• [Data]:
╭──

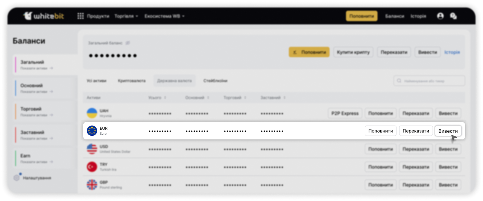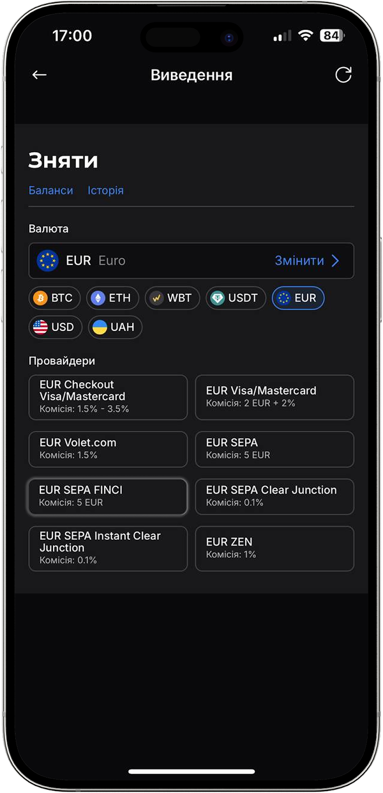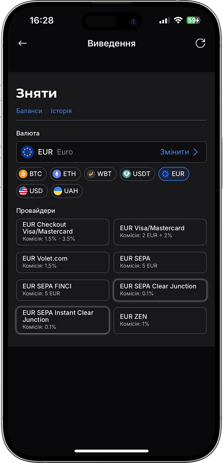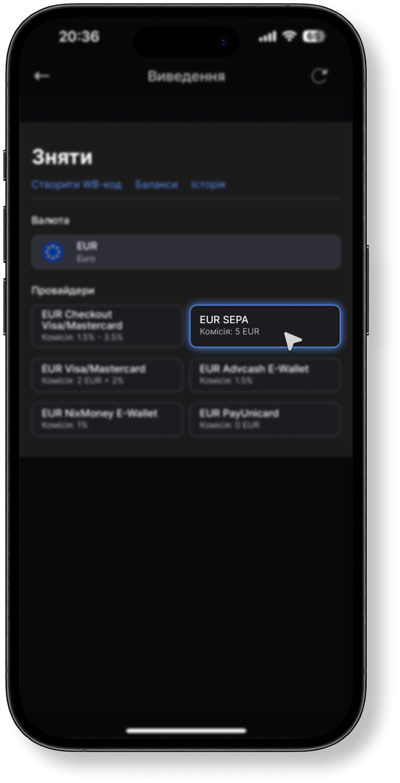 Зверніть увагу: виведення коштів через SEPA на IBAN доступне тільки для EUR.
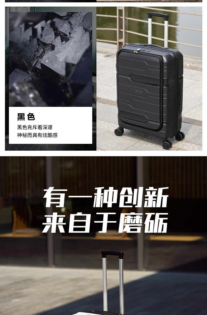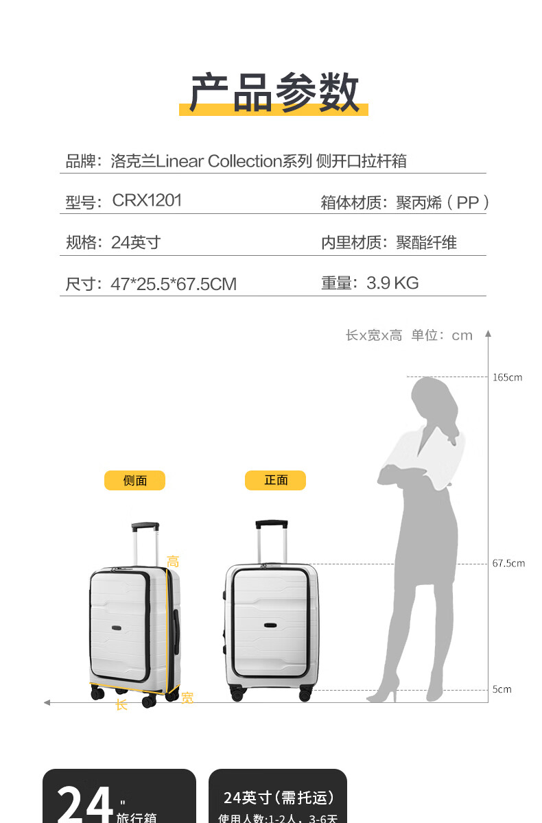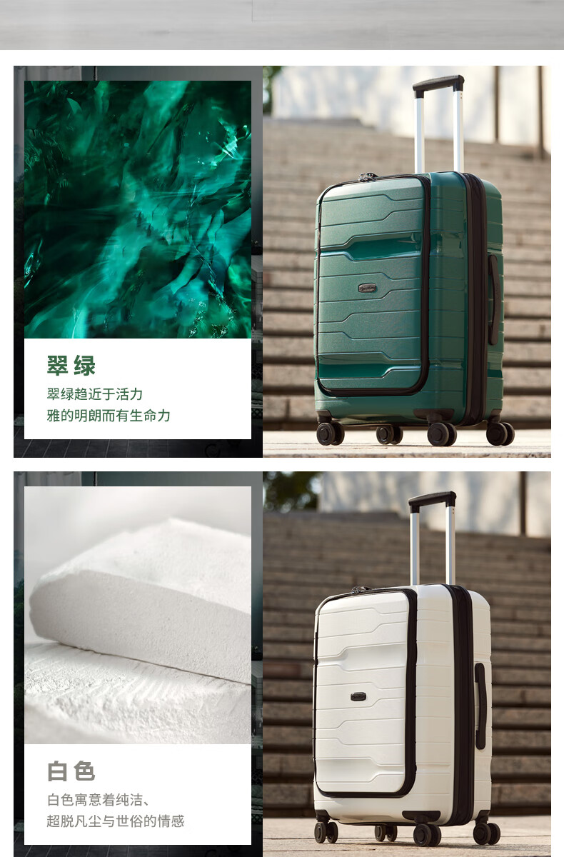 洛克兰轻奢PP商务拉杆箱CRX1201 20寸 白色/黑色/墨绿—rxs
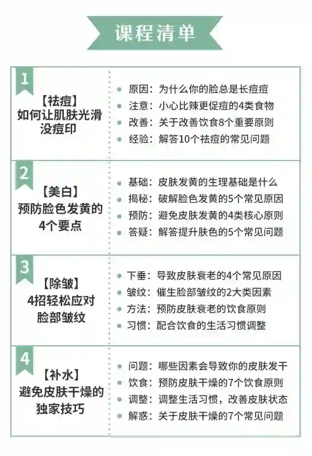 和以往的小讲课有所不同,这次课程总共分为四个部分,它不是简单的复制一套所谓“标准食谱”给你,而是从日常护肤和饮食中看不见的误区着手,帮助你养成科学、系统的饮食保养方法。
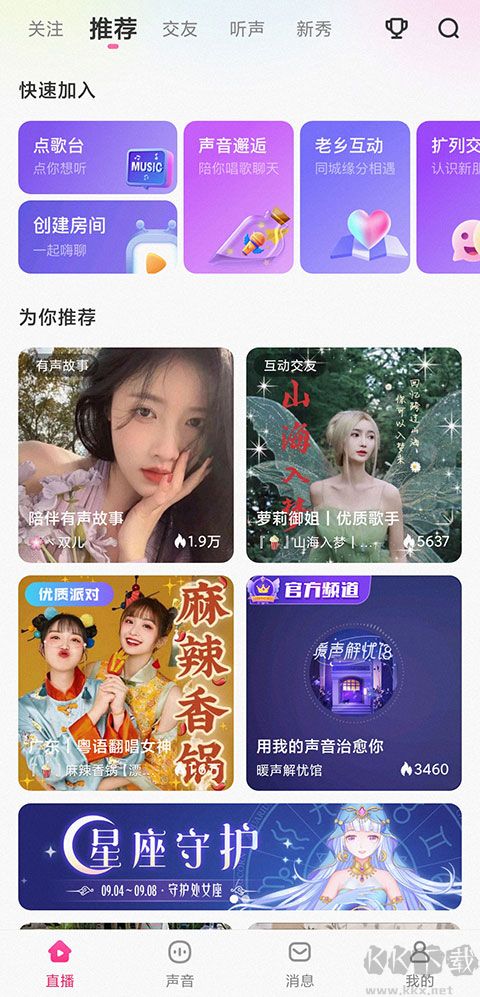 【娱乐直播】汇聚歌手、声优、电台主播等各路才艺达人,精彩内容轮番上演,总有你喜欢的那一款!

╰──

• [What you need to do]: Output the listing word for word. Drop the pictures.

• [Response]:
 Зверніть увагу: виведення коштів через SEPA на IBAN доступне тільки для EUR.
 洛克兰轻奢PP商务拉杆箱CRX1201 20寸 白色/黑色/墨绿—rxs
 和以往的小讲课有所不同,这次课程总共分为四个部分,它不是简单的复制一套所谓“标准食谱”给你,而是从日常护肤和饮食中看不见的误区着手,帮助你养成科学、系统的饮食保养方法。
 【娱乐直播】汇聚歌手、声优、电台主播等各路才艺达人,精彩内容轮番上演,总有你喜欢的那一款!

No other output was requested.